Photo by https://unsplash.com/@jontyson

TL; DR Java Dependency Management is mostly broken. But we can fix it together!

Recently I’ve spent considerable time working on dependency management and I’ve concluded that it is a miracle of modern software engineering that dependency management works even some of the time. I started writing java software professionally at the time when dependency management was accomplished by copying jars into the lib folder manually and then updating the -cp argument by hand. This friction might have been a factor that limited software reuse. The java ecosystem has come a long way since then with the introduction of open-source community built and maintained dependency management tools like Maven and Gradle. Maven Central has also made it simpler to find reusable libraries. Additionally, the java open-source ecosystem has flourished and is now several orders of magnitude larger than when I started building software professionally. This is all great news, it means we can build more complicated software from reusable components and solve new problems, because we don’t need to solve every problem again from scratch! At the same time, the job of managing dependencies has become more difficult. There isn’t a single root cause that we can just solve to make it better. It is a combination of multiple factors that make this such a challenging task.?

Technical Challenges

Machine gears

Let’s start with the support for dependency management in java itself. The problem here is that it doesn’t really exist. Java 9 introduced the notion of java modules which added some building blocks to the java toolchain that can be used to build better dependency management tools. Other than java modules all we have is the classpath and the class loader hierarchy to work with. We were able to do so much with this. Both Maven and Gradle only use the classpath as a mechanism for managing dependencies for java projects. The dependency data you provide in a pom or build file eventually gets translated into the classpath argument passed to the java process. That’s it. After that it’s all up to the class loader to convert the import statement in your code into the correct class to load from one of the jar files in the classpath. Java doesn’t support the notion of version, the information provided by the compiler doesn’t capture what version of a class the code was compiled against because that notion is not supported by the java toolkit. OSGi, the java module system developed as part of the Eclipse IDE, uses class loader hierarchies to support a more complex dependency management system.?

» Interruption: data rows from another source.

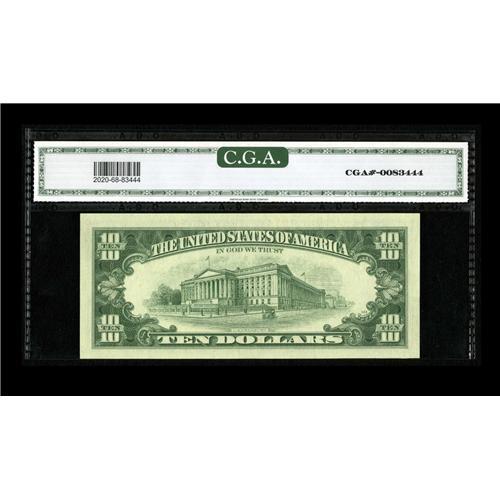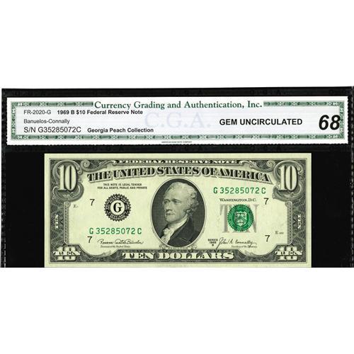 <B>Fr. 2020-G $10 1969B Federal Reserve Note. CGA Gem Uncirculated 68.</B></I><BR>Here is another Georgia Peach note that has broad margins and excellent centering.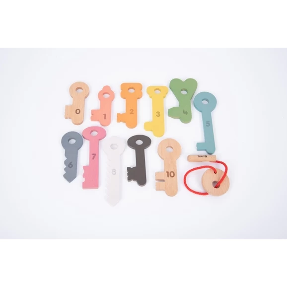 The TickiT Rainbow Keys are chunky beechwood keys, all featuring different projections which are numbered from 0 to 10 on one side with corresponding numicon dots on the reverse.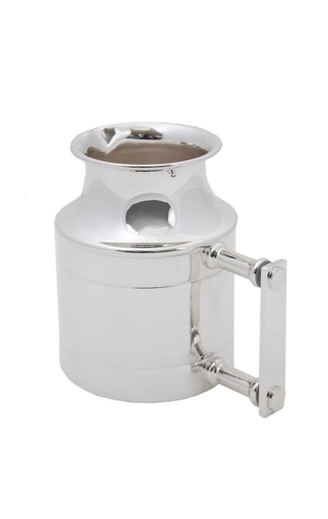 Leiteira em prata, com alça, tamanho pequeno - mesma linha das Garrafas Térmicas, com frisos.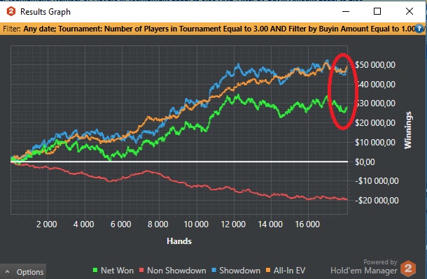 Попробуй не обращать внимания на результаты. установи себе планку, скажем хотя бы 500 турниров, без просмотра резалта(при условии что бр позволяет) и ебошь. Ты удивишься, как легко начнут проходить сессии Удачи.! И эт, забей ты на чипЕВ на таких дистанциях, ты в могилу себя сведешь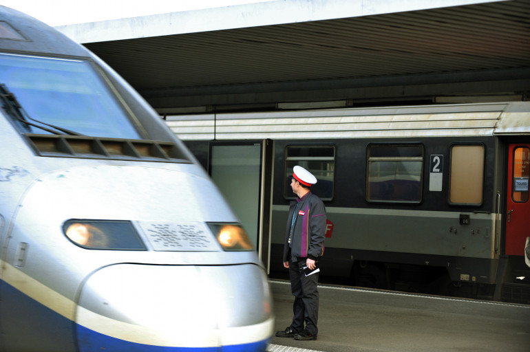 Un agent de la SNCF préparant le départ d'un train (illustration)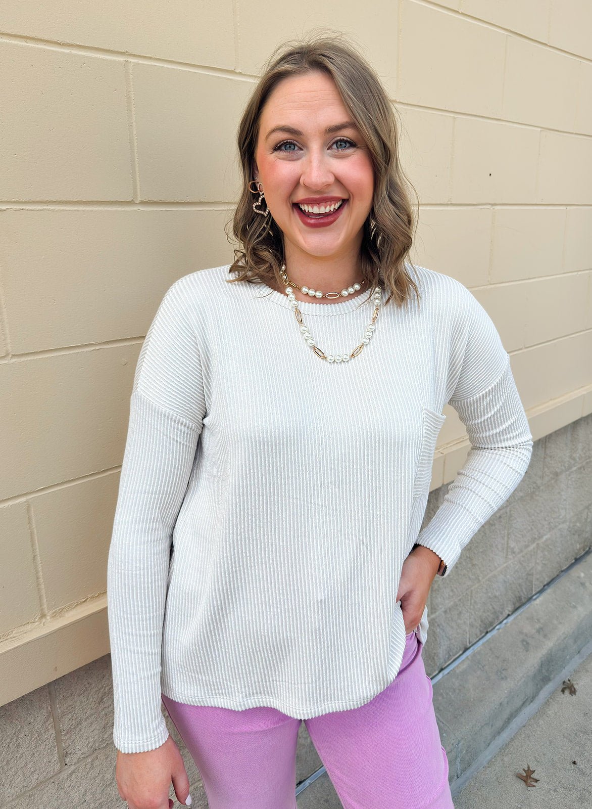 Elevated ease meets everyday comfort in the Sandstone Striped Oversized Top. Crafted from a soft ribbed knit with subtle horizontal stripes, this long sleeve essential brings just the right mix of texture and tone. The warm sand beige hue keeps things neutral and versatile, while the relaxed, oversized silhouette adds a cool, effortless vibe. Whether you’re dressing it up with trousers or keeping it casual with denim and sneakers, this is the kind of piece that looks chic without even trying.

Next let’s talk a little bit about solving version constraints, something that both Maven and Gradle need to do to convert the information you provided in the metadata files into the classpath argument. “Dependency Solving Is Still Hard, but We Are Getting Better at It” is an optimistic look at the challenges in solving dependency constraints. When the authors say hard, what they mean is NP-complete, it turns out that converting all those version constraints into a selection of jar files to put on the classpath is an instance of a boolean satisfiability problem which was proven to be NP-complete. There are SAT solvers that are available like Sat4j which was used by OSGi, however there are additional heuristics that are applied by package managers when a solution can’t be found. The most famous problem is the diamond dependency conflict where two dependencies in your application depend on a different version of a common dependency. In this case there is only one correct solution, keep both versions, however that violates the java classpath highlander rule, there can only be one! Now that rule is not really enforced by any java tooling, you won’t even get a warning if you have two versions of the same class in the classpath, it’s just that the class loader will load the one it finds first! Different package managers will solve this conflict in different ways, but they will arbitrarily pick one version, sometimes it will be the “latest” version and sometimes it will be the version closest to the root of the dependency graph. You as a java developer need to know the algorithm to predict the outcome! How many of us can predict which dependencies Maven will pick in our head?

Social Challenges

Group of people sitting down and pointing at a laptop screen

So far we’ve covered the technical challenges which are not sufficient since we work in a socio-technical ecosystem, we need to consider the social challenges as well. The participants in the java software ecosystem fall into three groups, Producers those who publish reusable components into the ecosystem, Consumers those who use the components available in the ecosystem and Maintainers, those who oversee the overall ecosystem. Most folks who interact with the Java ecosystem are consumers, there are far fewer producers, and even fewer folks who are Maintainers.?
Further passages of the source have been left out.